By now, students should also have been researching and writing their goodnight stories and will know at least enough about their building to write a problem involving based on their building. The final mathematics task is to write a textbook style problem to go with the story they have written. When complete this will make a mathematics resource that another class/school could use.
Using a local example of a building or monument, you can explain what students are going to do, and how to raise their level of thinking. SOLO is used as it matches up with levels of achievement in mathematics in NCEA. Levels of achievement are below:
Demonstrate a problem that is incomplete and therefore cannot be solved, for example, does not have enough information. (Unistructural/NA)
Adjust the problem so it can be solved to get the height of the building but because the numbers are just made up, the height is not the actual height of the building. (Multi-structural/A)
Get students to problem solve for you to adjust the angle or distance or both to get the height to come out right. Now adjust the problem to represent this and the solution is now in context. (Relational/M)
Now demonstrate or just suggest how insight can be shown. One way is to make sure the problem works in context. Is it possible to stand where you are suggesting in the problem? Students can use the distance measurer in google maps to check this or to find a realistic place to stand. Another way might be to make it a multi-step problem. For instance, imagine you are looking out from another building – this would require angles of both elevation and declination. (Extended abstract/E)
Students can now go and research, write, and draw their Pythagoras and trigonometry problems.
Prior to session 6, it is helpful if the format of the book is already set up. This allows student work to be dragged and dropped into the book as teachers receive it. With a little planning, and the time if you have it, it is possible to do this with the final pieces of work and to print out the book for each student without a gap between Session 6 and Session 7.
Students complete their Pythagoras’ Theorem or Trigonometry problem and creative writing and submit this for collation into a book.
There may be students at many different levels of completion and there is the opportunity to extend students who finish early.
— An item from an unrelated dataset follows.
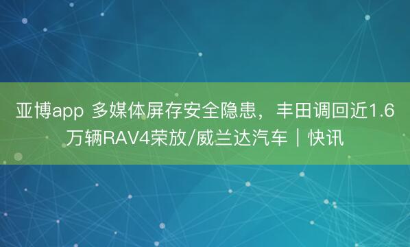 亚博app 多媒体屏存安全隐患,丰田调回近1.6万辆RAV4荣放/威兰达汽车|快讯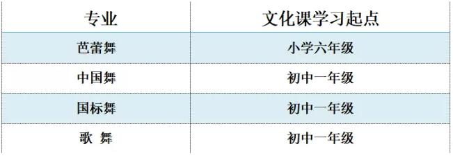 ?、?文化課學習:附中文化課教學在義務教育階段執行“六三”制義務教育的學習進程,高中階段開設普通中學的文科類課程。各專業的文化課學習起點為:

Some six-bit problems are provided for this (Copymaster 5). Students work on these problems collaboratively. Once they have successfully tried and solved them, they can then have a go at writing a six-bit problem using their own building.
For silent reading hand out a book to each student to read. Students can read both their own published work and the stories of their friends and classmates.
Students can try solving the problems set by other students.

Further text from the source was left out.